Se por um lado, a Segunda Guerra Mundial desfalcou os “aliados” das plantações e apropriação da borracha natural da Ásia, por outro, a seca de 1942 “obrigou” novos fluxos de deslocamentos de nordestinos para os seringais amazônicos. Esses dois fatores fizeram surgir o que foi chamado a “Batalha da Borracha”. Eis uma nova estratégia nacional, impulsionada por atores externos, que visava atingir dois objetivos: contribuir no esforço de guerra dos aliados e reduzir a pressão demográfica no Nordeste brasileiro aliado com a integração da Amazônia ao restante do País. Este novo ciclo da borracha não foi tão expressivo quanto o primeiro, mas serviu para dar início ao processo de integração do território, o que ia de encontro aos interesses do Estado.
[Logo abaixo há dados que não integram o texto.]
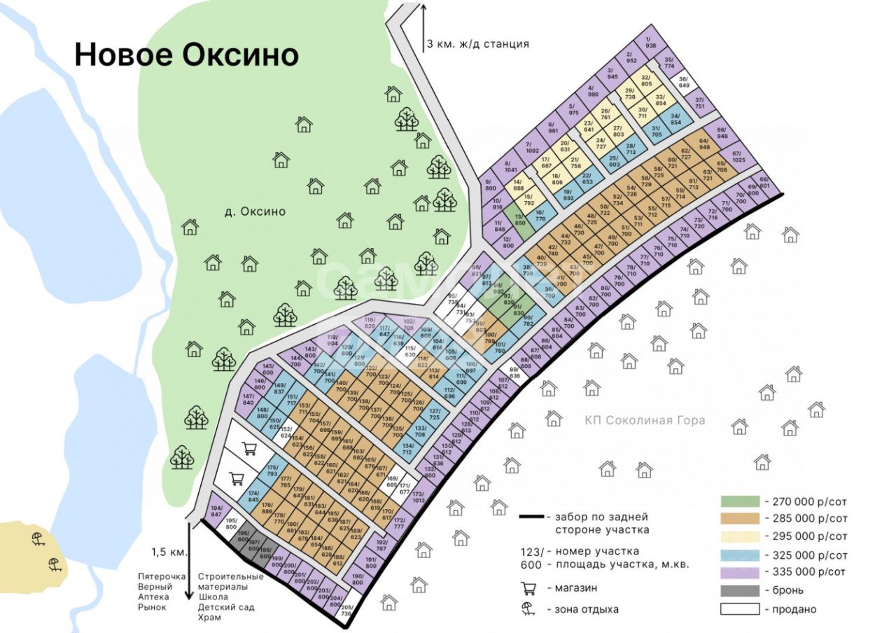 Открыты продажи земельных участков в КП "Новое Оксино", Чеховский район! КП новое, есть выбор удачно расположенных участков, можно купить 2 соседних и объединить, либо рядом с лесом, или дорогой. Подальше от въезда или поближе. Выбор есть, приезжайте! Продажа от собственника! Асфальтированный подъезд к поселку. В КП "Новое Оксино" более 200 участков. Площадь участка варьируется от 6 соток до 10 соток, возможно объединение нескольких участков. Цены начинаются от 270 тр/сотку. В КП "Новое Оксино" выполнено благоустройство территории, все участки ровные правильной формы, имеют асфальтированный подъезд, выполнен дренаж поселка. Участки размежеваны. В округе имеется 3 водоема для купания, рыбалки, рядом лес. Членских взносов нет, электричество по прямому договору с "Россетями". Удобный подъезд, до Москвы по скоростному шоссе 50 км без светофоров. Ж/д станция платформа "298 км" - 3 км, автобусы до г. Чехов и г. Москвы. Сетевые супермаркеты, стройрынок, фермерские продукты, ПВЗ "WB" и "Озон". В деревне Васькино имеются МФЦ, поликлиника, школа, дет сад. Рядом находится парк приключений "Дикие белки", конноспортивный клуб, усадьба "Мелихово", святой источник "Талеж" и др. Возможна покупка как за наличные, так и в ипотеку, возможна рассрочка (условия обсуждаются индивидуально при просмотре). Арт. 124627583

As estratégias da borracha, tanto nacionais quanto internacionais tiveram relevante papel no processo de formação do Estado nacional. A necessidade de integrar a Amazônia ao espaço nacional foi conduzida, seguindo diversos condicionantes, ora de interesse do mercado, ora do interesse do Estado (segurança nacional).

Após o segundo ciclo da borracha a Amazônia voltou a adormecer, só retornando ao cenário nacional com o advento do Estado planejador que tentará, definitivamente, integrá-la. Essa tentativa de integração dar-se-á por intermédio de novas estratégias do Estado e também do mercado. É um novo processo postulado por atores já conhecidos e outros recém chegados. Novas problemáticas relacionais na dinâmica territorial amazônica serão modeladas pelo fluxo de informação e energia.